# New Shell Dweller Setup Which Species??



## JBGC (Aug 25, 2008)

Hi all, setting up a new tank and i'm not sure which species to put in it. I cant even remember the size of the tank but i think its a 20 gallon?? See attached pic.

I'm thinkin a black background, and maybe a step in the sand substrate to give a "levels" affect.

Would i be able to keep a few multies and a black cav ?

Filtration: Eheim 2006 Pick Up Internal Filter


----------



## JBGC (Aug 25, 2008)




----------



## JBGC (Aug 25, 2008)

Just calculated the tank size

its 15 gallons approx

60cm long x 30cm wide x 34cm high


















What do you guys think?


----------



## Fogelhund (Dec 3, 2002)

Just keep one species of shelldweller, forget the calvus. L. multifasciatus would be a good option.


----------



## Robchester_2000 (Nov 8, 2008)

how many multies can i fit in a 10 gallon to start a colony?
would they be adversely affected by then eventually moving to a larger tank if they have already established relationships?
i would have started my own thread but most of the info is already in here.


----------



## alicem (Jul 26, 2007)

Robchester_2000 said:


> how many multies can i fit in a 10 gallon to start a colony?

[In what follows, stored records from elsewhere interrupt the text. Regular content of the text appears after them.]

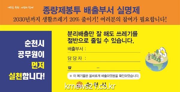 순천시의 산하 부서와 읍면동 행정복지센터에서는 사무실에서 발생하는 생활쓰레기 배출 시 종량제 봉투 앞면에 부서명을 기재한 스티커를 부착한 뒤 쓰레기를 내놓아야 한다.
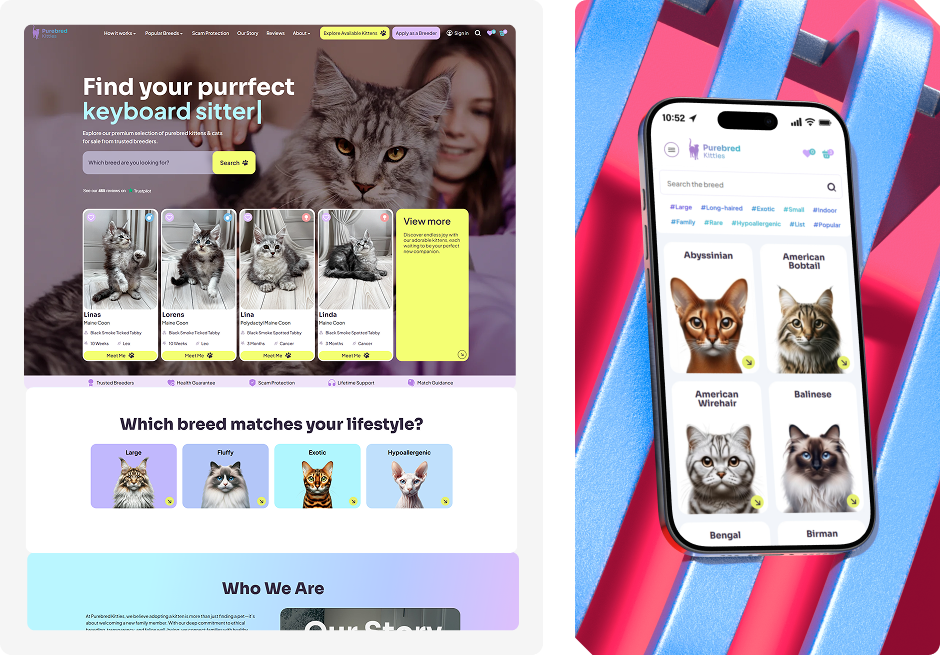 Purebred Kitties is a startup to connect families with healthy, sociable, and ethically bred purebred kittens. With a strong focus on ethical breeding, transparency, and feline well-being, the brand aims to make the adoption process as smooth, joyful, and meaningful.
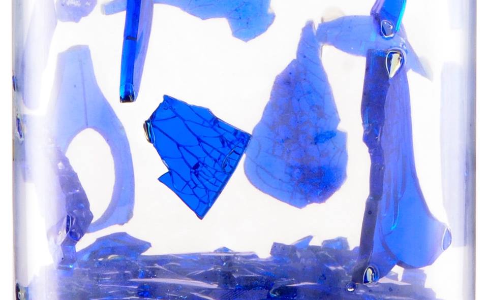 und das ist zerbrechlich. Das Klarglas umhüllt das blaue Glas, schon klar, doch was siehst Du under the Dome? Sind es geheime Schriftzeichen? Eine mystische Pflanze aus einer anderen Welt? Oder das Universum in einer Nussschale, nur eben aus Glas?
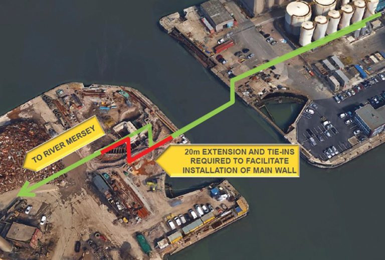 Throughout the works, both the sewer and the Passage were to remain ‘live’, i.e. flow of effluent would continue through the sewer and container ships would continue to access the Seaforth Dock via the Seaforth Passage. Extending the siphon pipe would require excavation to a depth of 20m below reduced ground level (circa 23.5m below original ground level), alongside the original sewer up shaft, within a retaining wall cofferdam.
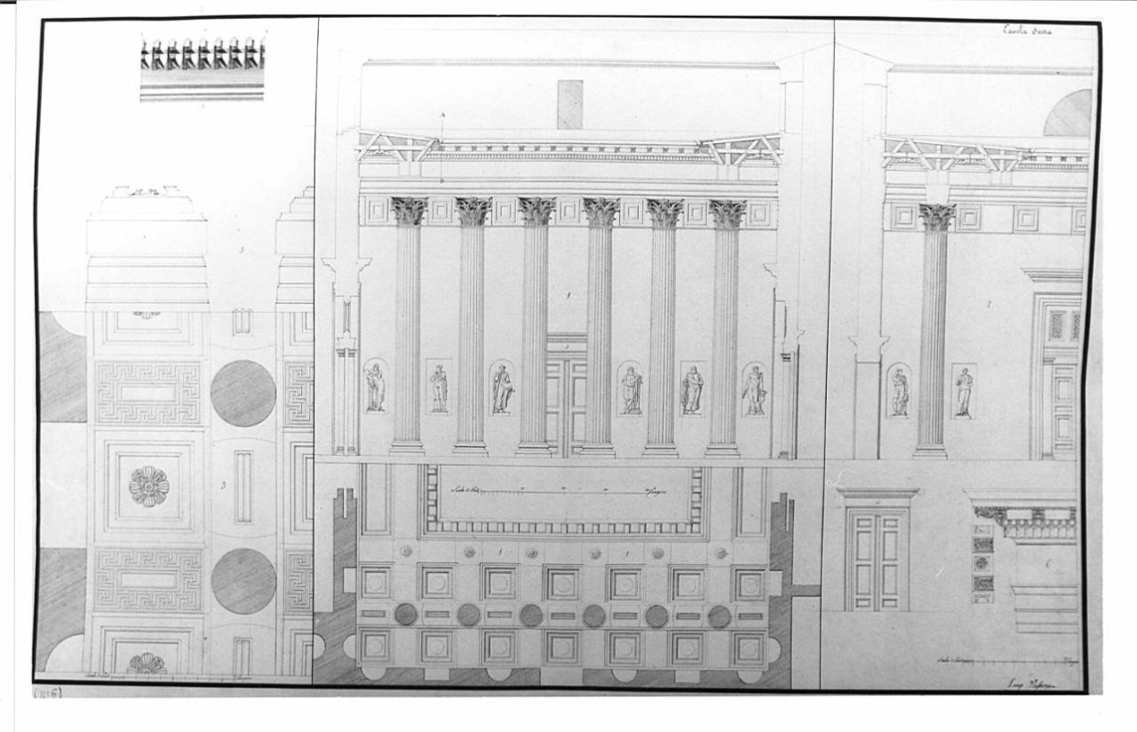 Studio dei particolari costruttivi dell'Accademia, entro margine. Tavola divisa i n tre parti. A sinistra: inf., particolare della sezione orizzontale sulle colonne e sulla muratura con vista verso il soffitto a cassettoni; particolare della stessa scala della sezione verticale sul fregio e sui cassettoni. Sup.: particolare della sezione verticale sulla struttura della copertura in legno. Al centro inf.: sezione orizzontale con vista verso il soffitto a cassettoni dell'atrio. Sup.: sezione verticale dell'atrio. A destra inf.: prospetto della porta d'ingresso al cortile centrale e metà della sezione verticale dell'atrio perpendicolare alla precedente.

6 will give you good odds for getting males _and_ females.



Robchester_2000 said:


> would they be adversely affected by then eventually moving to a larger tank if they have already established relationships?


Naw, they are pretty resilient. All they'll look for are shells, sand and the opposite sex. :wink:



Robchester_2000 said:


> i would have started my own thread but most of the info is already in here.


----------



## Alleycat (Dec 2, 2006)

alicem said:


> Naw, they are pretty resilient. All they'll look for are shells, sand and the opposite sex. :wink:


Sounds like Florida during the winter months


----------



## Robchester_2000 (Nov 8, 2008)

yeah if you fill the shells with vodka and rum, multies are just british tourists.....
(i'm an ex-pat)


----------



## alicem (Jul 26, 2007)

Alleycat said:


> alicem said:
> 
> 
> > Naw, they are pretty resilient. All they'll look for are shells, sand and the opposite sex. :wink:
> ...


 :lol: like spring break


----------



## JBGC (Aug 25, 2008)

Thanks for the replies, will keep the post updated when i get my shells. I'll have to ask the local LFS where i can get the right shells, seems the snail type ones are the go?? I have a heap of coral shells but they wont be able to hide in a lot of them.


----------



## Hoosier Tank (May 8, 2007)

Yes, snail shells are good. If you can find a grocery store over there in Oz that carries escargot shells, they are cheaper here than the LFS shells. 
And just to muddy the waters... have you looked at Occcies instead of Multies?


----------



## JBGC (Aug 25, 2008)

I'll hopefully find some good shells thanks for the tip. No i haven't looked at Occies but i'll take a look and see what they are...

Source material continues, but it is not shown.